Und wo muss ich das eintragen?


----------



## Yaslaw (22. März 2017)

Als Formel, da wo du das Resultat haben willst. Also du unten nach Urlaub.

Die ... Natürlich um weitere countif() erweitern für die anderen Moantsspalten


----------



## Jenne2811 (22. März 2017)

hm irgendwie funktioniert das nicht


----------



## Jenne2811 (22. März 2017)

Also die ersten beiden Monate hab ich hinbekommen,aber dann komm ich einfach nicht weiter...


----------



## Yaslaw (22. März 2017)

irgnedwie funktioniert es bei mir mit dem Excel.
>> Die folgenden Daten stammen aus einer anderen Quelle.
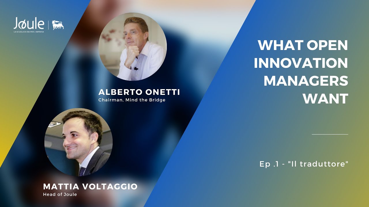 Ne parlano in questo primo episodio Mattia Voltaggio, Head of Joule, la scuola di Eni per l'impresa, e Alberto Onetti, Chairman di Mind the Bridge.

Unsere Zwei "irgendwie" müssen sich unterscheiden.
Fehlerverhalten? Printscreen?

Hier ein Printscrenn meinerseits
(1) Ausgabefeld
(2) Formel im Ausgabefeld


----------



## Jenne2811 (22. März 2017)

Ok ich habs hinbekommen, habe einfach nur die erste Dirndl für die ganze Tabelle benutzt... besten Danke nochmal...
Jetzt muss ich nur noch so hinbekommen damit ich die Tabelle auch für 2018 benutzen kann, damit sich die Tage Monate automatisch anpassen....


----------



## Yaslaw (22. März 2017)

Wechsle von Excel/Numbers in eine Datenbank.....


----------



## Jenne2811 (22. März 2017)

Was soll das sein wie soll das gehen.?
Wie gesagt bin absoluter Neuling


----------



## Yaslaw (22. März 2017)

Dann lass es sein.
Die Daten fürsd 2018 musst du wieder von Hand zusammenschustern


----------



## Jan-Frederik Stieler (4. Juni 2017)

http://www.kalenderpedia.de/
Hier hats verschiedenste Kalendervorlagen für Excel. Da kannste Du Dir das händische anlegen sparen.


----------